Joyce gave me their phone number, and before too long we were actually corresponding via email. In 2007 Joyce asked me if I would do a benefit performance of my monologue "My Buddy Bill" for the Unitarian church she and Harvey were affiliated with. Of course I said yes.

Shortly before I flew to Cleveland, Harvey and I were asked by Scene magazine (Cleveland's free entertainment weekly that skewed very much toward rock-n-roll) to interview each other. Sharing a byline with Harvey (in Scene magazine no less) was another one of those moments for me.

I did my benefit show, and hung out with Harvey and Joyce in Coventry for a couple of days. The day before I left Harvey invited me over to his house, and we spent a couple of hours just hanging out and talking. His house was cluttered the way a great writer's house should be cluttered. The whole time I was there I was thinking, "Well, here I am, I'm hanging out with Harvey Pekar -- I've finally made it." Harvey was working on his graphic novel biography of Studs Terkel. We talked about Studs and Kurt Vonnegut and books and movies and music.

He was in his late 60s, and it took until the movie version of American Splendor for Harvey to start to make any real money -- and if he heard me suggest he made any real money he would no doubt correct me about that. He had so many projects lined up. I know he was still fighting cancer and depression, but the guy just seemed so vital and full of life. At least that afternoon he did. Before I left he pressed a pile of books in my arms, and we said goodbye.

I spoke with Joyce a few months later and asked her if she thought Harvey might ever be up for a cross country road trip. Writers sometimes play a game called "If You Could Pick One Writer to Drive Across the Country With Who Would You Pick?" A lot of writers would pick Hemingway or Fitzgerald or Steinbeck or Kerouac for sure. Dickens would be an interesting choice. Vonnegut would be a great choice and so would Twain. I'll bet Stephen King would be a hell of a lot of fun. But I didn't know any of those guys. But I knew Harvey, and we spent an afternoon together just hanging out, and he gave me a pile of books from his very own collection -- so we must be friends, right?

Sometime later Joyce called me and told me that Harvey was feeling kind of depressed, and if I wanted to take him on a road trip, now would be a good time.

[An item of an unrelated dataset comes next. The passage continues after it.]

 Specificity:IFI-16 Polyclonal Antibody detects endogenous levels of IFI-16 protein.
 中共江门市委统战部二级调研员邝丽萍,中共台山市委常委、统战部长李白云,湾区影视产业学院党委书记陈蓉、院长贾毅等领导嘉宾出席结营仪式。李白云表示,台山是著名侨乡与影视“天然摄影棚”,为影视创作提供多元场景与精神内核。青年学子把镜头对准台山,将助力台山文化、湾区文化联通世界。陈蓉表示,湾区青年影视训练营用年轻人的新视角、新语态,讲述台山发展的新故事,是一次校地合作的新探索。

I was working at the time, and couldn't take off for the three or four weeks I thought the trip might take. I told Joyce I would try and make it happen another time. But I never did.

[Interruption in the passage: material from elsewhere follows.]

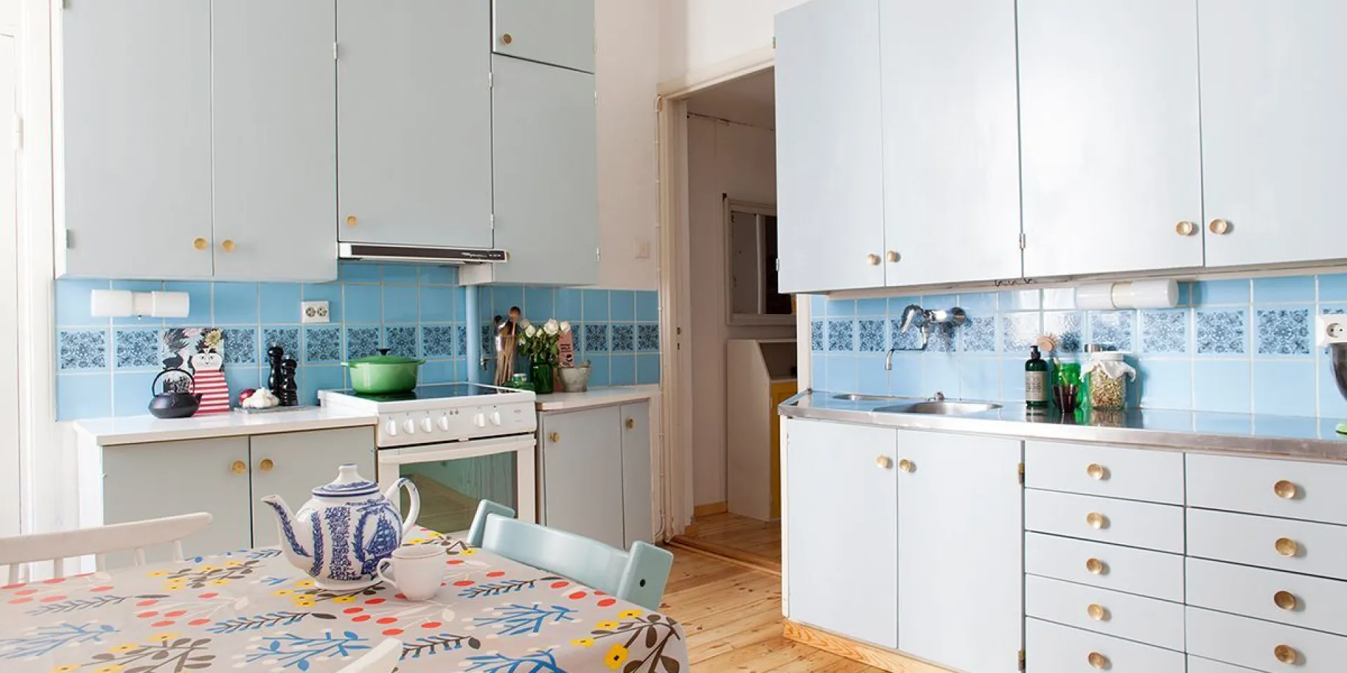 Karin käsitteli vanhat keltaiset kaapinovet puolihimmeällä Helmi-kalustemaalilla, sävynä vedensininen Salaisuus X438. Helmi-kalustemaali on monipuolinen ja tutkitusti turvallinen kalustemaali, jonka avulla loihdit helposti kestävää kauneutta kotisi pinnoille.

Over the last couple of years I've fantasized about making that trip with Harvey. I would fly to Cleveland, and then rent a drive away, something cool, like maybe a Mustang convertible. Harvey and I would hit the road, and yeah, he might've been cranky and complained a lot, but man, we would have had a real literary adventure. That was a missed opportunity for me, and now that he's gone, it was a big one.